- _WHAT THIS TASK INVOLVES_:
Print each record that follows exactly, leaving the pictures behind.

══════════════════════════════

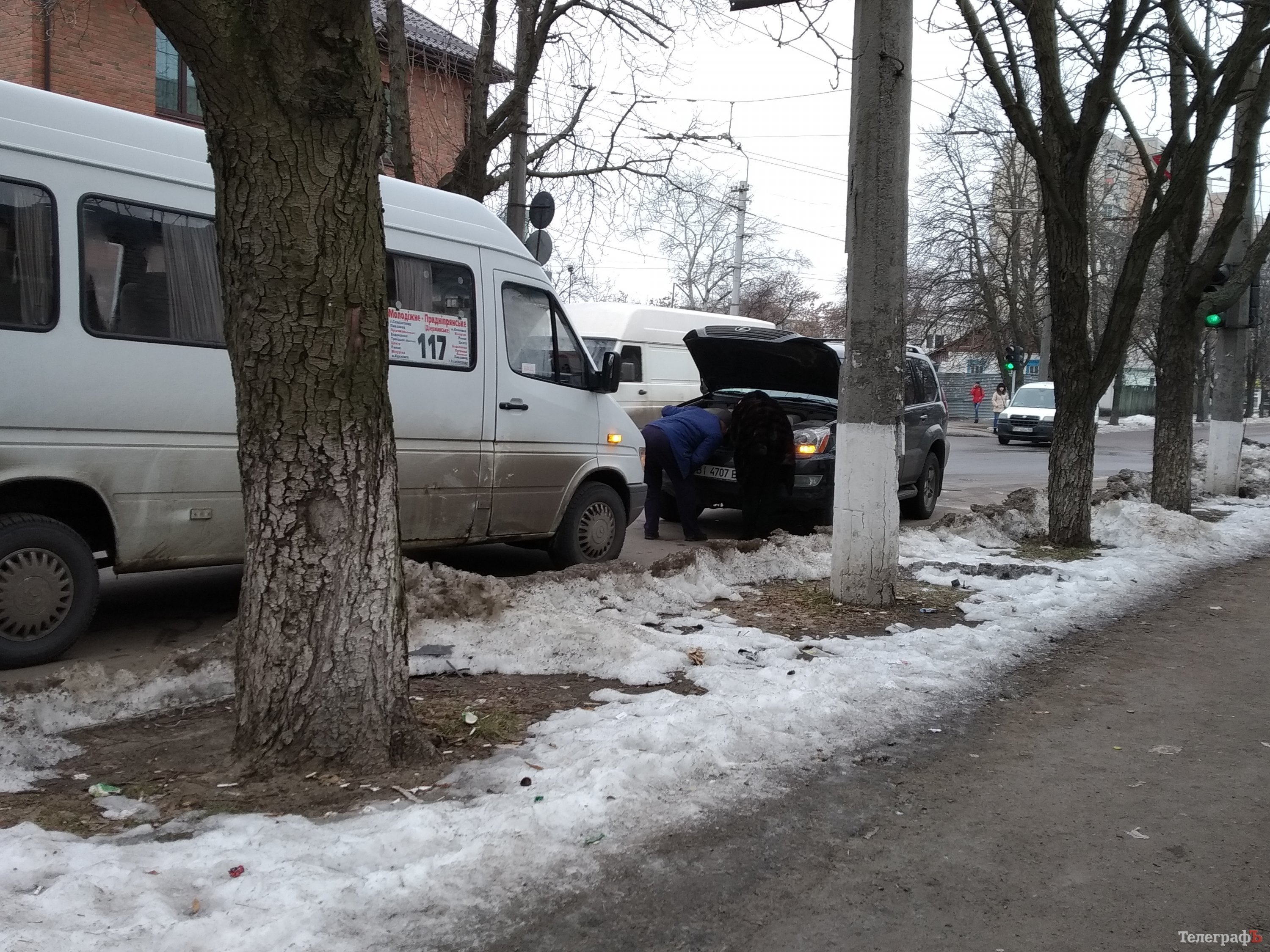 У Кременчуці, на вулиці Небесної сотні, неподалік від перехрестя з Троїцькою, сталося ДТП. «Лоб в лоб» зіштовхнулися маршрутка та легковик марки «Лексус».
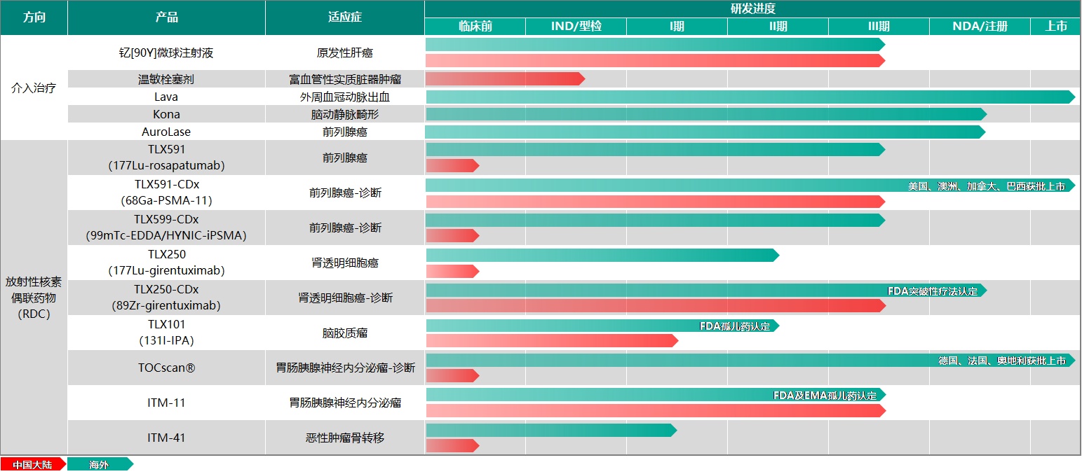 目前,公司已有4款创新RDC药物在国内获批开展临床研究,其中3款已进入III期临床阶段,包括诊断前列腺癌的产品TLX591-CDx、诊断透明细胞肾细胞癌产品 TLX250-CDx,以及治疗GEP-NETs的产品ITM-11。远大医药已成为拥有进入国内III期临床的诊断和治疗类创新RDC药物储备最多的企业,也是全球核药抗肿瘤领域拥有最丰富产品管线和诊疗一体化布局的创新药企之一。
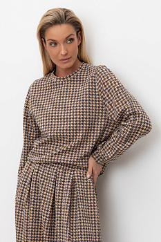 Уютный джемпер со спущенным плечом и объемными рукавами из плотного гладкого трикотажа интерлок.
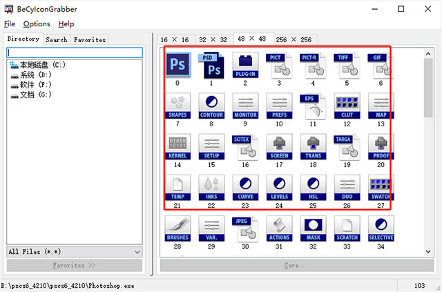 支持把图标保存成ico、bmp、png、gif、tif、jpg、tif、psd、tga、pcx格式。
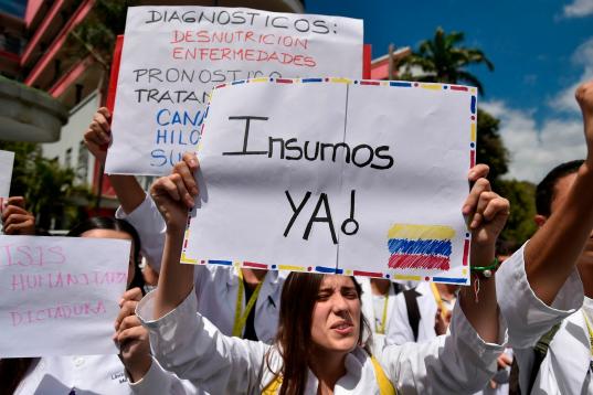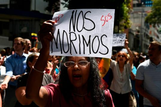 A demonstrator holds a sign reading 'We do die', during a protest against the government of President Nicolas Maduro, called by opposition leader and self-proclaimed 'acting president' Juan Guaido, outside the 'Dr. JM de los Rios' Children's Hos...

══════════════════════════════

- _ANSWER FOR THE TASK_:
 У Кременчуці, на вулиці Небесної сотні, неподалік від перехрестя з Троїцькою, сталося ДТП. «Лоб в лоб» зіштовхнулися маршрутка та легковик марки «Лексус».
 目前,公司已有4款创新RDC药物在国内获批开展临床研究,其中3款已进入III期临床阶段,包括诊断前列腺癌的产品TLX591-CDx、诊断透明细胞肾细胞癌产品 TLX250-CDx,以及治疗GEP-NETs的产品ITM-11。远大医药已成为拥有进入国内III期临床的诊断和治疗类创新RDC药物储备最多的企业,也是全球核药抗肿瘤领域拥有最丰富产品管线和诊疗一体化布局的创新药企之一。
 Уютный джемпер со спущенным плечом и объемными рукавами из плотного гладкого трикотажа интерлок.
 支持把图标保存成ico、bmp、png、gif、tif、jpg、tif、psd、tga、pcx格式。
 A demonstrator holds a sign reading 'We do die', during a protest against the government of President Nicolas Maduro, called by opposition leader and self-proclaimed 'acting president' Juan Guaido, outside the 'Dr. JM de los Rios' Children's Hos...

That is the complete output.